# Work order
Take from the entries below the stretch from the line with "Kids Fox Hat" through the line with "Оксана Самойлова и", and return it exactly, leaving the pictures out.

=== Section Start ===

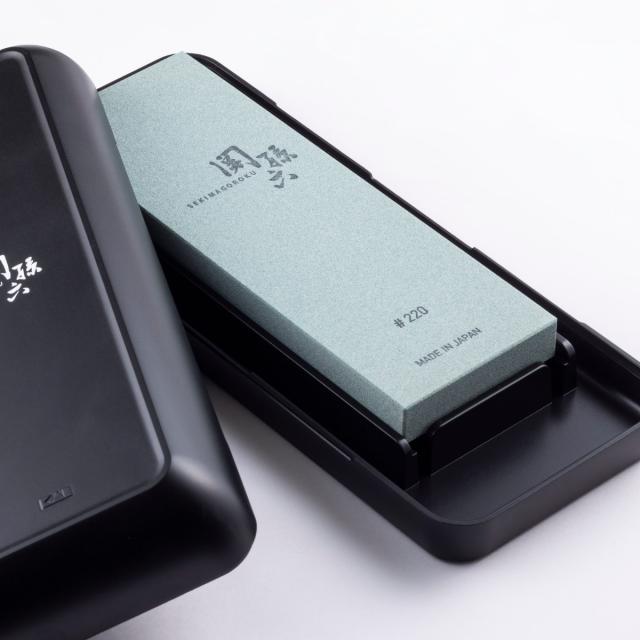 大きな刃欠けを修正したり、刃形状を大幅に修正する場合に使用する砥石です。最も研削力が高く、硬度の高い包丁や和包丁の研ぎ直し、錆び落としにも適しています。同じ関孫六ブランドの高価格帯の包丁もしっかりとメンテナンスできます。
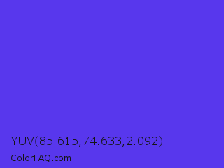 YUV 85.615,74.633,2.092 Color is a normal indigo color and the nearest color is Majorelle Blue #6050dc. Hex code #5837ed and RGB value is rgb(88,55,237). In RGB color space, this color is composed of 35% red, 22% green, 93% blue, In CMYK color space, this color is composed of 63% cyan, 77% magenta, 0% yellow , 7% black , In HSL color space, this color has a hue angle of 251° , 83% saturation and 57% lightness.
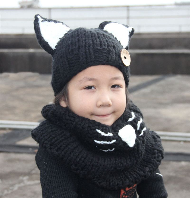 Kids Fox Hat Children S Knit Wool Handmade Beanie Hat Wrap Knit Bib Suit Hat New Cute Scarf Caps Men S Skullies Beanies Aliexpress
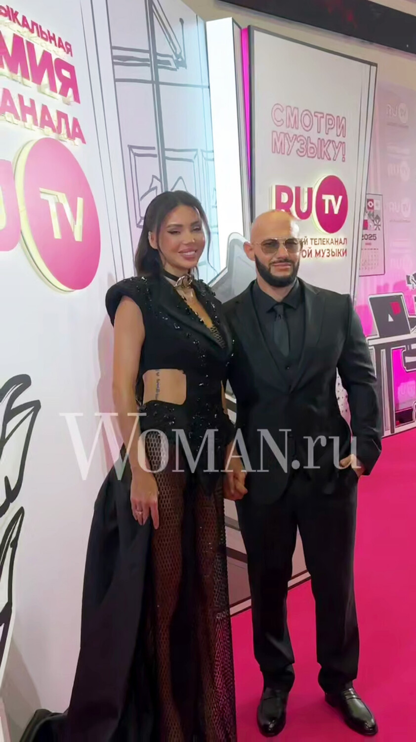 Оксана Самойлова и Джиган пришли на премию телеканала RU.TV, которая состоялась 21 мая в Live Arena. Блогерша выбрала для светского события черное прозрачное макси-платье с глубоким декольте, украшенное стразами. Она также надела чокер и кольца. Знаменитости уложили распущенные волосы и сделали вечерний макияж с черными стрелками и нюдовыми губами. Джиган предпочел черную рубашку с галстуком, брючный костюм, туфли и очки.
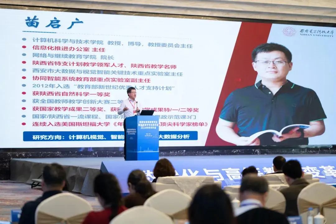 西安电子科技大学信息化推进办公室主任苗启广教授作了题为“数据驱动 协同智能,重塑数字教学新形态”的报告。他从教育数字化智能化、数智赋能教学管评两方面展开详细论述。他结合西安电子科技大学在“人工智能+教育”建设过程中的创新探索与实践成果,从“教”的精准化、“学”的个性化、“管”的高效化以及大语言模型在教育中应用等方面,详细分析了高等教育数字化转型的实践和路径。
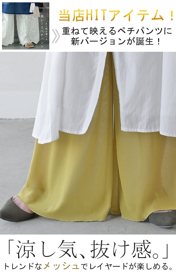 大きめで、ひざの下メッシュでワンピースの下にはいても涼しいです。 どんな色やワンピースの下にはいてもも合いそうで、重宝しそうです。
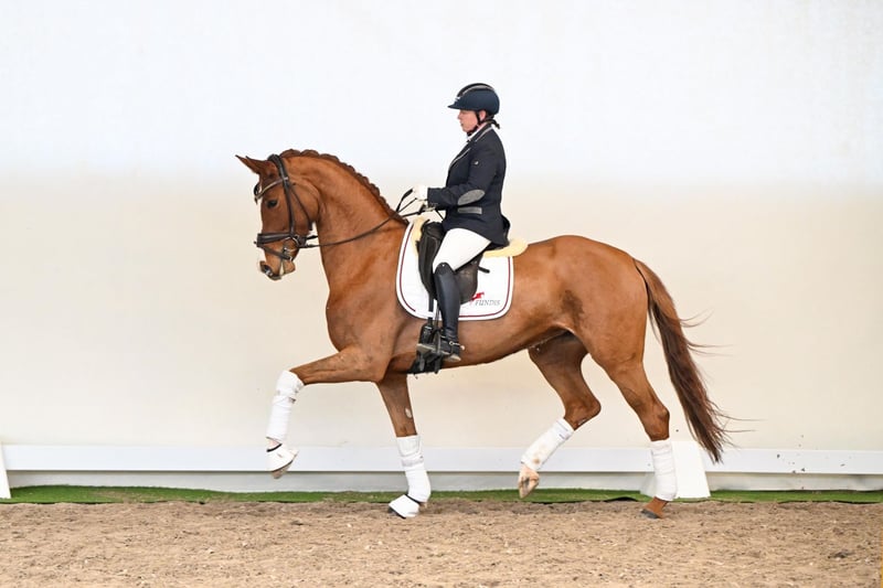 Juna Jackpot, a five-year-old mare with a modern sport horse type, captivates with power, elegance, and natural presence. Built uphill with elastic, flowing gaits and an expansive, uphill-carrying canter, she combines noble refinement with a striking appearance. Her honest, friendly character makes her a horse that impresses both under saddle and on the ground. Her pedigree reflects the best of modern dressage breeding: her sire Janeiro Platinum passes on elegance, refinement, and outstanding movement to his offspring. Her damsire Londontime, the legendary Hanoverian stallion and state stud sire at Celle, contributes rideability, willingness to perform, and numerous S-level successful progeny. The damline is further strengthened by Weltmeyer, one of the most influential dressage sires worldwide, renowned for exceptional mechanics, rideability, and a powerful hindleg. Juna Jackpot presents herself as a harmonious, willing-to-learn horse with natural self-carriage, uphill movement, and expressive gaits. A young mare who impresses through character, quality of movement, and refinement – ready to develop into an outstanding dressage partner.
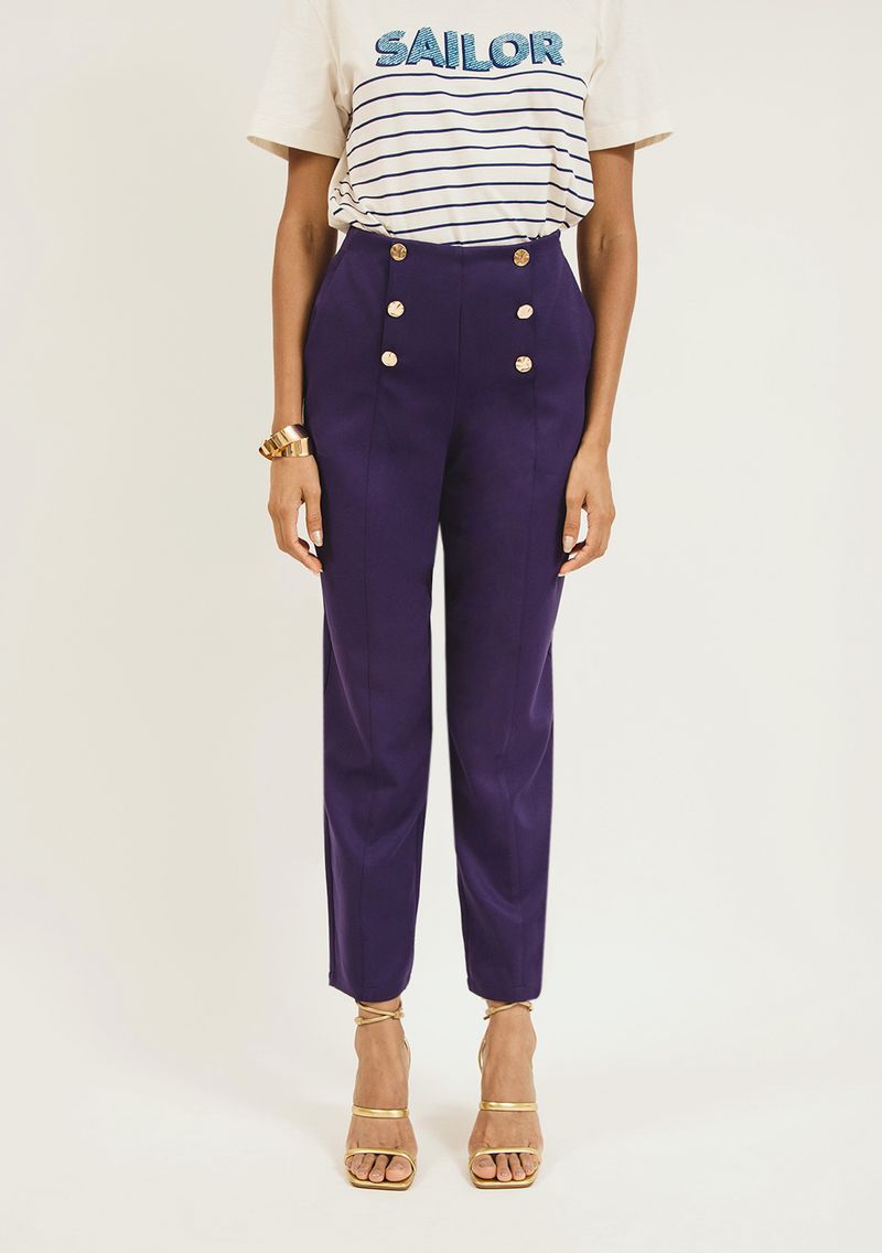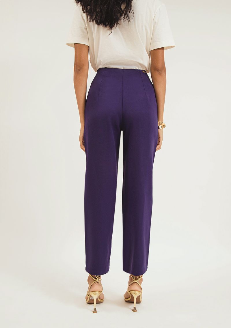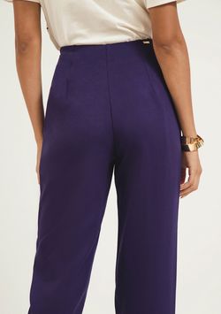 Calça Zinco Reta Cós Alto Com Recorte Azul Marinho
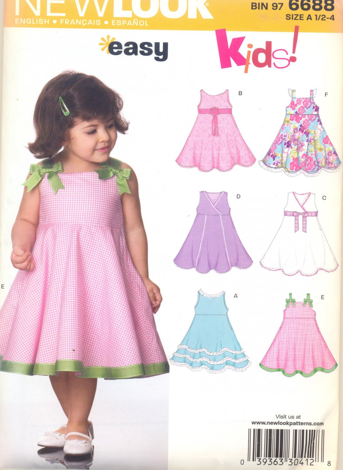 Girls Pattern Toddler 5 Sizes Dress New Look 6688 Summer Clothes
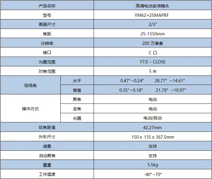 山田YAMAKO YM62×25MAPRF 高清电动变倍镜头
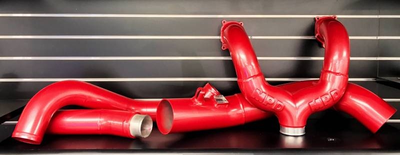 This is our in house built Intercooler Piping kit, Tailor Made to work with either one of our MPD turbo kits, or any stock or "stock style drop in" 2015 turbocharger Kits. It has a High Flowing Billet "y" pipe feeding the intake manifolds, Stainless hot & Cold Side Piping, and includes a high flowing intake! It comes in raw finish, But we can also have it powder coated the finish of your choice!

=== Section End ===

# Solution below
 Kids Fox Hat Children S Knit Wool Handmade Beanie Hat Wrap Knit Bib Suit Hat New Cute Scarf Caps Men S Skullies Beanies Aliexpress
 Оксана Самойлова и Джиган пришли на премию телеканала RU.TV, которая состоялась 21 мая в Live Arena. Блогерша выбрала для светского события черное прозрачное макси-платье с глубоким декольте, украшенное стразами. Она также надела чокер и кольца. Знаменитости уложили распущенные волосы и сделали вечерний макияж с черными стрелками и нюдовыми губами. Джиган предпочел черную рубашку с галстуком, брючный костюм, туфли и очки.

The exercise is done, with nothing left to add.